= Arcoona =

Arcoona or Arcoona Station is a pastoral lease that operates as a sheep station.

It is located about 28 km north east of Woomera in the outback of South Australia,

The station occupies an area of 828 sqmi. The station was founded prior to 1880 and was owned by Mr A. M. Wooldridge in 1880. Wooldridge owned the Parakylia lease that he had established and then sold the western portion and kept the balance himself and renamed as Arcoona. The neighbouring properties are Wirraminna to the south and Andamooka Station to the north.

==History==
The pastoralist James Gemmell who had been managing Mundi Mundi Station left to take over Arcoona in 1893.

The horse Discussion by Light Artillery from Small Talk was bought in 1906 and sent to Arcoona to stud. Richardson paid 190 guineas for the sire.

It was sold in 1909 by Messrs. Richardson and Gemmell to John Pick of Terowie, who would be elected to the House of Assembly while at Arcoona. At the time the station was stocked with 12,000 sheep, 600 cattle, 250 horses and 7 camels.

Although Arcoona has an arid climate it is occasionally inundated with rain, in 1919 Mr J. H. Mules reported 3 in of rain falling and the lake filling fast, and again on New Year's Day in 1921 4 in of rain fell.

Pick sold Arcoona in 1920 and bought Coondambo Station in May 1920 for £37,200.

The station was restocked in 1930 with 2,000 ewes being delivered from the Matakanna district.

Following a great season in 1938 the percentage of lambing was excellent with 6,637 lambs produced from 6,977 ewes.

The 1942 season was fairly dry but some patchy rains provided enough feed for the sheep to graze on but not enough to fill any surface tanks. At this time the station was owned by Arcoona Pastoral Co. of which Mr. R. J. McEwin was a partner.

During the drought of 1944–1945 stock numbers were very low.

The station was sold once again in 1947, for an undisclosed price believed to be in excess of £75,000 on account of J. E. Pick to Kidman Estates of Adelaide. At the time the area of the property was 1490 sqmi and had an estimated flock of 25,000 sheep. The station had also received heavier than normal rainfall over the last year and all the creeks were flowing and lakes were full to capacity.

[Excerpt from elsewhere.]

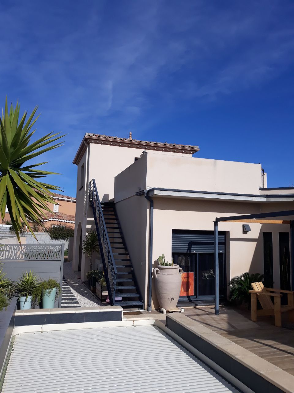 Mer à 3 km à vol d’oiseau. Suite résidentielle indépendante comprenant piscine privative libre d’horaire, lit filet catamaran pour voir les étoiles sur la terrasse de 25 m² et sentir la brise, vue sur les Pyrénées sans pollution lumineuse, douche italienne, WC privatives, cuisine extérieure couverte. Confort et d’intimité, invitation à la détente et au lâcher-prise. Au cœur d’un quartier résidentiel, commerces, restaurants, bars, équitation, bateau électrique…

In 2003 the station was selected by the then federal Science Minister, Peter McGauran, as a low level nuclear waste dump. The site was chosen as it had better security, a less environmentally sensitive access route and more saline water which has no pastoral use. About 40 m3 of radioactive waste generated each year in Australia would be stored in an underground repository. The plan was abandoned in 2004, following legal action from the then owners, the Polke family, as well as opposition from the state government and traditional owners.

In 2008 the property was acquired by the Handbury family who also owned Collinsville Station. The property occupied an area of 3430 km2 and was managed by Andrew Willis. The property was running a flock of about 20,000 sheep as well as 100 shorthorn cattle.

The land occupying the extent of the Arcoona pastoral lease was gazetted by the Government of South Australia as a locality in April 2013 under the name 'Arcoona'.